Besides these cooperations groups / labour unions can use the GMD infrastructure to exchange information about current developments and prepare the next Global May Day.
Feel free to subscribe and/or contact the Global May Day mailing list [globalmayday[AT]lists.riseup.net] or use it to get in contact with other groups / labour unions (for example to initiate a Solidarity Partnership).
Why we need a Global May Day:
Worldwide we, the wage-related workers, are set in competition to support the additional value production. Regardless where we live, our gender / sex, nationality, we are interwoven in the same fight, if we want to or not. Budget cuts in social services, outsourcing, depressing wages, privatization, increasing costs of living as well as tuition fees and the destruction of natural recourses are just a few of the symptoms of the global economic system. A system that is based on exploitation and competition leads to commercialization of all aspects of our lives. We suffer from growing pressure to perform, separation, as well as the alienation of our needs and people, which we are working and living with. Be it at the workplace, university or increasingly even during childhood and youth. The logic of the market economy and the corresponding nation-state structures require that adaption to the dictate of competitiveness and the value-added production take priority over the development of emancipatory capabilities.
We do not intend to simply disrupt; we seek to overcome.
Given the transnational nature of the capitalist system, it is necessary for workers to connect on the global level.

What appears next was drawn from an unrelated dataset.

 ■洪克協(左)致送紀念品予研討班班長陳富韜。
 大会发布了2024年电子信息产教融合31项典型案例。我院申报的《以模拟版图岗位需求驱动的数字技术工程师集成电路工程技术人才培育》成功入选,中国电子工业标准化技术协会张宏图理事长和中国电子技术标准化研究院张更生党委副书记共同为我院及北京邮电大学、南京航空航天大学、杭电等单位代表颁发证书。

By networking across borders, the global interconnections that shape our local conditions can be made visible. Furthermore it opens up new potentialities and scopes of action within the struggle against exploitation as well as precarious working and living conditions. The bargaining power of workers would increase tremendously, if we were to unite within the same value-added chain.

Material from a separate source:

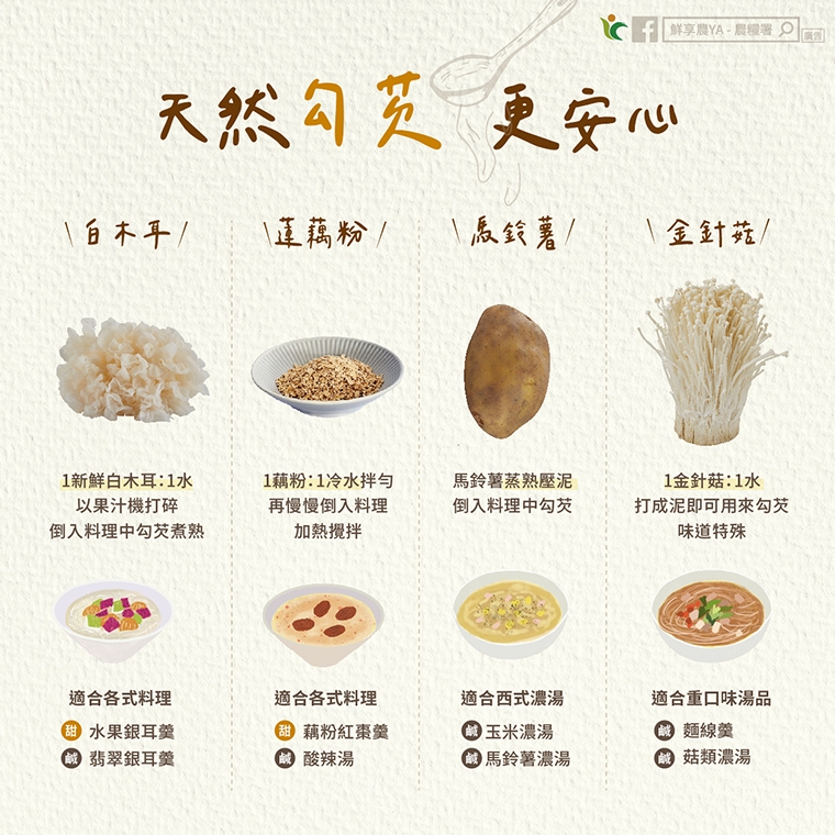 「鮮享農YA-農糧署」粉絲專頁提到,白木耳、蓮藕粉、馬鈴薯、金針菇可作為天然勾芡食材,不論是炒菜、煮湯都要來點勾芡,都可提升料理層次與美味。

Especially in times of nationalism and racism, we seek the common struggle and resist being played off against each other.
For a better life for all – across all borders!
General strikes and direct actions could have probably prevented the war raged against emancipatory forces in Rojava. Consequently we strive to empower us as workers to directly impact political developments.
Let us imagine what differences it would have made, if the striking miners in Marikana (South Africa) and workers of the BASF chemical plants located in Germany were connected and had united in their struggle given that BASF is the primary purchaser of the resources produced by the miners. Such linkages could have significantly altered or perhaps even prevented the 2012 massacre.
Another example are garment workers in Sri Lanka (producing textiles for the retailing company H&M) who fought for wages enabling them a proper living on November 27th, 2018. On the same day groups across Europe and the USA organised activities in solidarity in front of outlets of H&M. This shows that pressure can be generated through a network of actors within the value-added chain, from the producing workers to those working in the retails stores and those purchasing the product.
The same applies to strike actions taking place at Amazon: For example the labour union ver.di called for strikes in 2016 at logistical centers across Germany. Since logistical centers in Poland were used as evasive locations, the labour union IP organised solidarity actions. By now action groups are forming at Amazon centers around the world, which are also increasingly shaping a network.
Last but not least IT workers are resisting precarious working conditions and get organized across borders. As an example we want to point out the initiative Game Workers Unite! and mention the walkout by workers at Google, which was joined by tens of thousands of people in 50 cities worldwide in November 2018.